| name | hugo-content-checker |
| description | This skill should be used when checking Hugo content for consistency issues, validating internal references, detecting duplicate content, verifying frontmatter completeness, and ensuring proper naming conventions. Use this skill to audit content quality, fix broken links, and maintain consistency across a Hugo site. |
Hugo Content Checker
This skill provides tools and guidance for analyzing Hugo content for consistency issues, broken references, orphaned pages, and quality problems.
Purpose
Maintaining a large Hugo documentation site requires consistent structure, proper linking, and high-quality metadata. This skill automates the detection of common issues that can degrade site quality and user experience:
- Broken internal links that lead to missing pages
- Orphaned content that exists but is never referenced
- Inconsistent frontmatter missing required metadata fields
- Naming convention violations that reduce maintainability
- Duplicate content that should be consolidated or cross-referenced
When to Use This Skill
Use this skill when:
- Auditing a Hugo site for consistency and quality issues
- Finding and fixing broken internal links and references
- Identifying content that may be orphaned or unused
- Validating that frontmatter is complete across all content
- Enforcing naming conventions across content sections
- Detecting potentially duplicate or very similar content
- Preparing for content refactoring or reorganization
- Setting up quality gates before deployment
How to Use This Skill
Step 1: Run the Content Analysis Script
Execute the analysis script to scan the Hugo content folder:
python3 .claude/skills/hugo-content-checker/scripts/analyze_content.py content/
The script accepts one optional argument:
- content-directory: Path to the Hugo content folder (defaults to
content/)
Step 2: Review the Analysis Results
The script outputs both human-readable and JSON results showing:
Broken Links
Files that reference non-existent content pages.

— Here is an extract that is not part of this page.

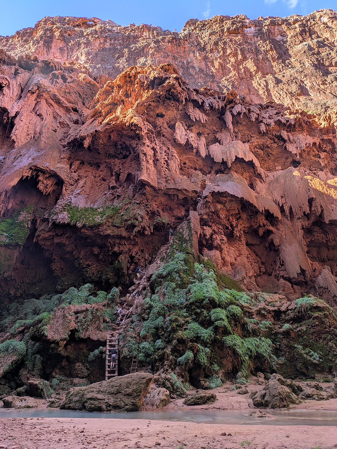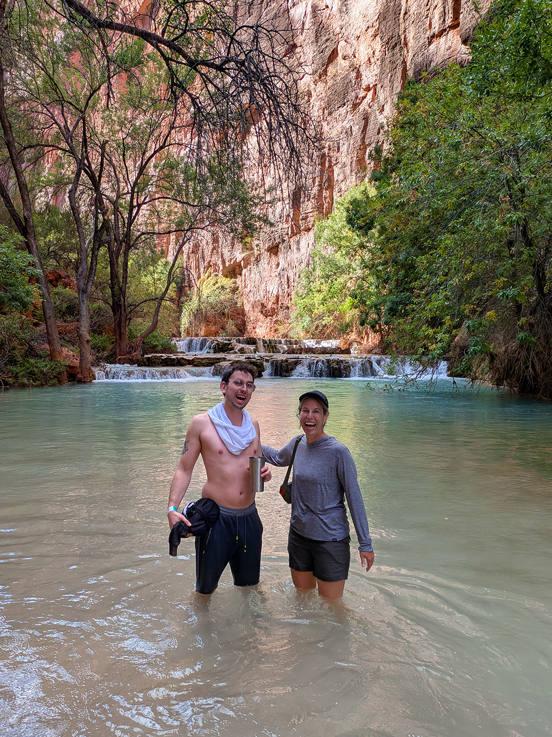 We slept reasonably well and woke up before dawn. After coffee and breakfast, as soon as there was enough light, we headed out for the hike to Beaver Falls. Just past the camping area we had a gut-check at Mooney Falls, the tallest of Havasu Creek’s waterfalls. Getting to the base of Mooney Falls and continuing down the canyon requires an alarmingly steep descent, nearly vertical in some spots. When Marie and I climbed down in 2012, she vowed, “I’m glad I did that but I’ll never do it again.” Now, 13 years later, she summoned the courage to give it one more go after all, and the four of us took the plunge. Chains had been installed in some places to provide handholds, but they were frigid and slippery from the spray of the waterfall. We tried not to think about what would happen if we lost our grip. Aidan ratcheted up the difficulty level by carrying a mug of scalding hot tea with him.

These are critical errors that break navigation.
Example output:
[ERROR] content/concept/something.md
Broken link: 'concept/nonexistent'
How to fix: Verify the referenced page exists or update the link to the correct path.
Frontmatter Issues
Files missing required metadata fields or with empty values. These affect site functionality and search.
Example output:
[WARNING] content/wellbeing/page.md
Missing or empty frontmatter field: description
How to fix: Add the missing field to the frontmatter with appropriate content.
Orphaned Content
Content files that exist but are never referenced from other pages. These may be:
- Legitimately standalone pages (homepage sections)
- Pages missing from navigation
- Content that should be deleted
Example output:
[INFO] content/practical/old-page.md
Content file not referenced from any other file
How to fix: Either add references from other pages or verify the page should exist as standalone content.
Naming Issues
Filenames that violate conventions (uppercase, spaces, special characters).
Example output:
[WARNING] content/concept/My-Page.md
Filename contains uppercase letters (convention: lowercase)
How to fix: Rename the file to lowercase with hyphens (e.g., my-page.md).
Duplicate Content
Files with very similar content (>80% similarity) that may need consolidation.
Example output:
[WARNING] content/concept/page1.md
Similar to: content/concept/page2.md (85.3%)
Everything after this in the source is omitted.